# Amber or irridated



## ajohn (May 12, 2010)

http://cgi.ebay.com/ws/eBayISAPI.dll?ViewItem&item=290433308688&ssPageName=STRK:MEWAX:IT
 What do you guys think?Looks funny to me


----------



## coreya (May 12, 2010)

The color is a bit funky and I would steer clear but hard to tell with that photo also there are no completed auctions last 15 days to compare stuff, A clue can be found in the sellers name "fastharry" LOL


----------



## ajohn (May 12, 2010)

I would definitely chance that name!
 I agree it's really hard to tell with just one pic.One of these days I'm gonna pick me up one of those ambers...but not that one


----------



## junkyard jack (May 13, 2010)

I thought it looked legit. Appears to have some olive tone to the glass. Olive amber.

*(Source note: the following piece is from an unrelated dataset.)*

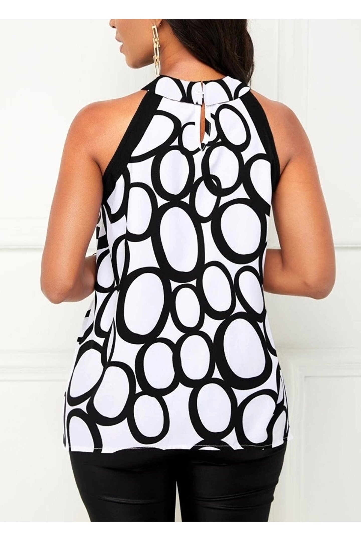 Kadın Reglan Kol Daire Yaka Desenli Asimetrik Süprem Bluz

The embossed base # would be one good way to find out if the color is the real deal or not.


----------



## dygger60 (May 13, 2010)

This is intresting....how is a mold number a good way to tell if the color is legit or not?

    Myself...I think it is the real deal...irradiated jars have a more sickly brown...I have heard it called   a  "tobacco" brown before. 

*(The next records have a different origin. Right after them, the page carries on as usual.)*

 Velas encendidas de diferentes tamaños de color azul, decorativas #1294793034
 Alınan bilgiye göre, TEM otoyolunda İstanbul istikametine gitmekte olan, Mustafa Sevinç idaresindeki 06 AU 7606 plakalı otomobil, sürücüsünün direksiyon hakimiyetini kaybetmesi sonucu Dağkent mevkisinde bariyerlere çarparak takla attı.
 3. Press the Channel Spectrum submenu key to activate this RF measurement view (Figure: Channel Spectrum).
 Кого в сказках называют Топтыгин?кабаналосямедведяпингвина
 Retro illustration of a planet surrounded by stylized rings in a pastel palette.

     Search BALL IDEAL  and you will find a pint that has been "nuked"....even though it is not in the sunlight like this jar, the color is unmistakeable.....that "nuked" brown is sickly looking.

     Ask the seller for pictures of the base and neck area...selling a premium jar like this he / she should be more
 than happy to  supply pictures on request.  

     Myself, I believe it to be the real McCoy.......and I agree, it has some olive tones to it.


----------



## dygger60 (May 13, 2010)

The base number for this jar is "8".


----------



## jarsnstuff (May 13, 2010)

I realize I may be a bit late posting here, looks like the auction closes in a little over an hour.  But, I have one pretty close to this same exact color and it's the real deal.  Nuked jars are icky brown without any olive tones to them.  Does the guy allow returns if you're not satisfied?  For me, that could be what makes my decision whether or not to bid.  -Tammy


----------



## junkyard jack (May 13, 2010)

My apologies, I should have explained more about how a mold # on the base of a jar can help ID it's color:
 Visit the "Ball Jar Collectors Community Center" website. No offense intended to anyone here, as there are jar collectors here that really know their stuff, but this website/forum is chock full of the top Ball jar collectors/experts in the hobby today.
 These collectors have pictures of every base embossing of colored Ball jars in their collections & the colors of the jars and the corresponding numbers embossed on the base do follow a pattern as to the manufacture of these jars. 
 If anyone here wants to learn just about everything possible about the production of Ball/Ball-related jars please visit this site. I stumbled across this site about a year ago & it is a wealth of information. []


----------



## dygger60 (May 13, 2010)

I can attest to that site.   I have been a member for over 4 years now.  That is what we specialize in...everything about Ball jars.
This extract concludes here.